川島淡淡一笑,齋藤卻因為川島的態度心底頗為瞧不起,一介女流,還是滿人,卻來拜訪他,太高看自己了。
齋藤道:“也多謝金小姐這麼為帝國大業盡心盡力,我自愧不如。”
川島不禁俏臉微變,沒有人會當著她的面提起“金小姐”的稱呼,這是赤裸裸在提醒她不是帝國人,只是一個外人。
一個外人又怎麼有資格在他堂堂神道無念流少宗主面前大談帝國大業呢?這不是太可笑了嗎?
川島說:“倭滿一體,我自小在倭國長大,養恩大於生恩,我只有這一身,誓死報效帝國,還這天恩。
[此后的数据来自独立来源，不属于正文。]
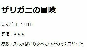 - さて、「本の名前」だけはデータベースから表示させることが出来ましたが、他のデータ【読んだ日】【評価】【感想】はデータベースを使っていません。
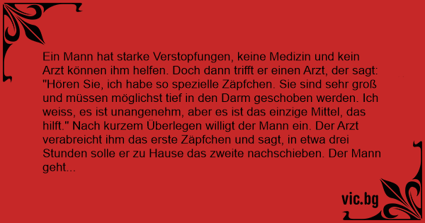 "Hören Sie, ich habe so spezielle Zäpfchen. Sie sind sehr groß und müssen möglichst tief in den Darm geschoben werden. Ich weiss, es ist unangenehm, aber es ist das einzige Mittel, das hilft." Nach kurzem Überlegen willigt der Mann ein. Der Arzt verabreicht ihm das erste Zäpfchen und sagt, in etwa drei Stunden solle er zu Hause das zweite nachschieben. Der Mann geht nach Hause und will nach drei Stunden das andere Zäpfchen einführen. Da es niсhт klappt, fragt er seine Frau, ob sie ihm helfen kann. Ohne zu zögern, ergreift die Frau das Zäpfchen und steht hinter ihn. Die linke Hand auf seiner Schulter, mit der Rechten das Zäpfchen in den After. Alles geht gut, doch plötzlich beginnt der Mann zu schreien. "Schatz, habe ich dir weh getan? Was ist los?"
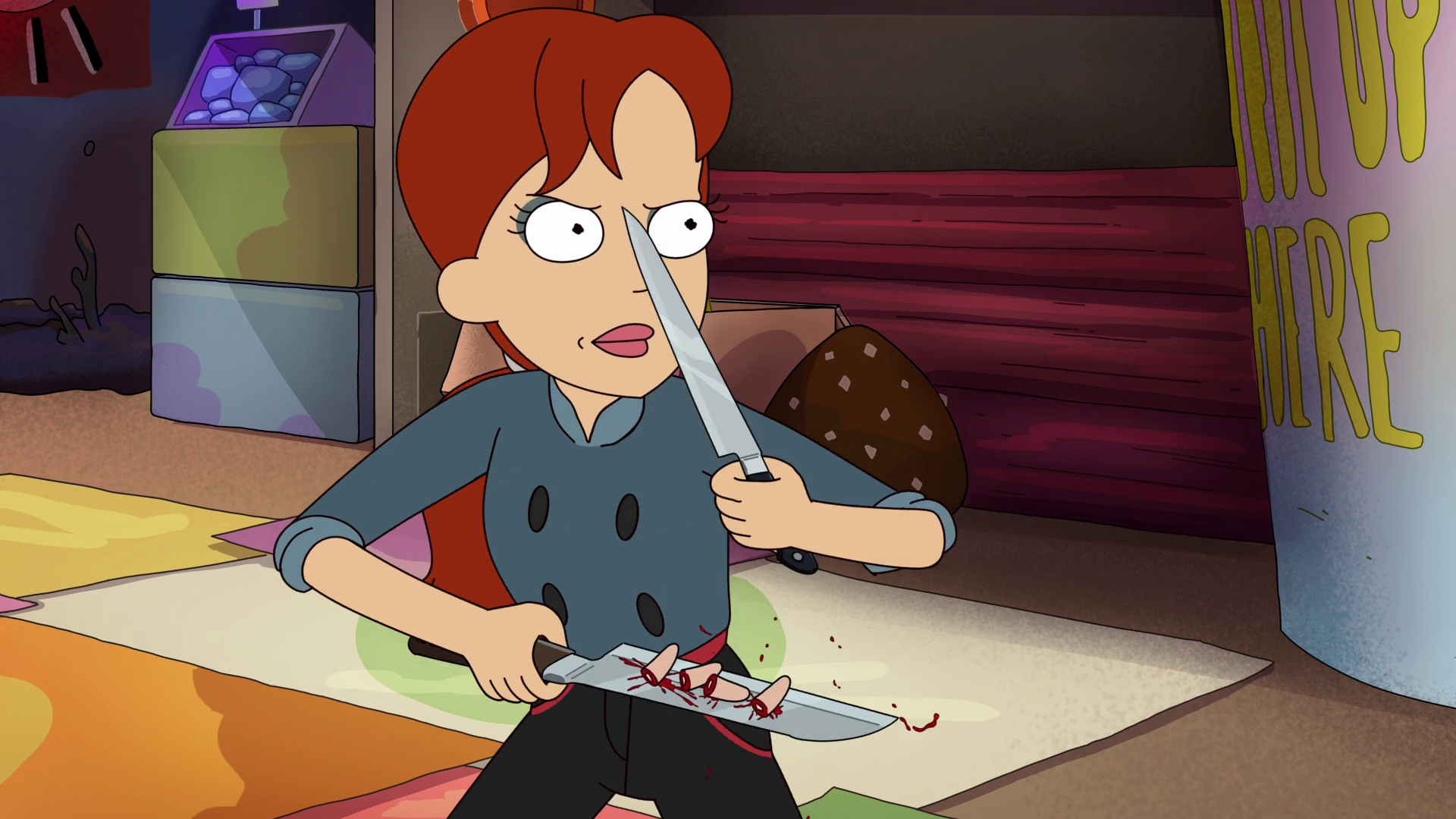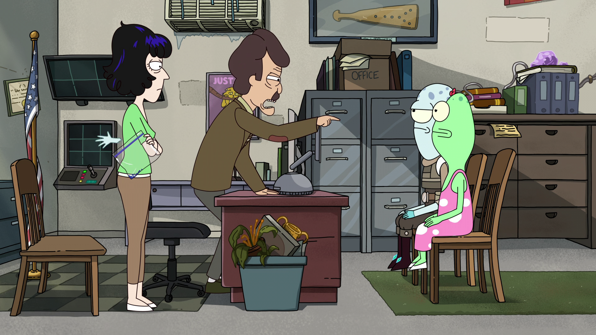 Похотливая дама, работающая учительницей истории в школе и дополнительно подрабатывающая еще в нескольких местах. Терпеть не может инопланетян, однако, в одной из серий, Корво 8 раз довел её до оргазма, делая кунилингус. Регулярно сношается с мистером Дряблочленом в директорском кабинете, в школе. Сильно возбуждается каждый раз, когда директор Дряблочлен наказывает учеников.
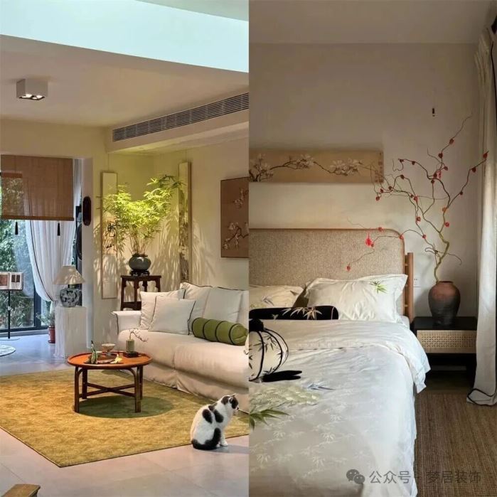 材質(zhì):講究自然肌理和啞光質(zhì)感,多用原木(榆木、白蠟?zāi)荆?、宣紙肌理、素麻、亞光瓷、?xì)密麻布
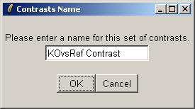 The interface for choosing contrast(s) is similar to the interface for choosing parameters for the linear model. You can click on the "Advanced" button if you want to enter a contrasts matrix directly. One difference is that in the simpler (non-matrix) interface, the user is allowed to use "plus" or "minus" to form a linear combination of two parameters, whereas the interface for choosing parameters only allowed a "minus" between the two RNA types. In this case we will add our two parameters to form the contrast KOvsRef.
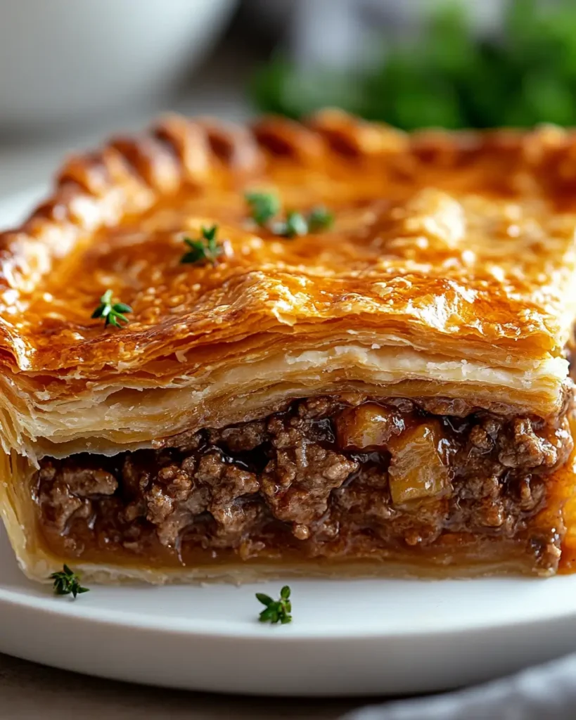 Absolutely, this meat pie recipe works well with many vegetables. Corn, diced green beans, or mushrooms all blend nicely with the beef. Just make sure to cook watery vegetables first so the filling stays thick. You can even use leftover roasted vegetables from other recipes using ground beef. As long as the mixture stays thick and savory, the crust will bake up golden and crisp every time.

”
齋藤嘴角淡笑,未置點評,飲了一口茶,說:“我道場上還有許多雜事,只怕不能陪川島小姐……和這位……”
“南造雪子,我叫南造雪子……”南造雪子見他叫不出自己的名字,忙提醒道。
“嗯,所以,不好意思。”
南造雪子跟著川島出了道場,川島沉著臉,而南造雪子還在恍恍惚惚中。
她忽然有些恨起自己現在的身份,如果她只是一名純潔美好的世家小姐,他們還有相守的可能。
回到倭國在江海的特務部門,川島已經調整好了心情,問起她的工作進展。
“土肥原將將軍十分重視你的工作,你一定要接近趙清漪,趁此除去‘斑點狗’的機主。滿洲立國箭已在弦,不除去‘斑點狗’,大東亞的共榮就難以實現。所以,你一點都不能泄怠!”川島目光寒厲看著南造雪子。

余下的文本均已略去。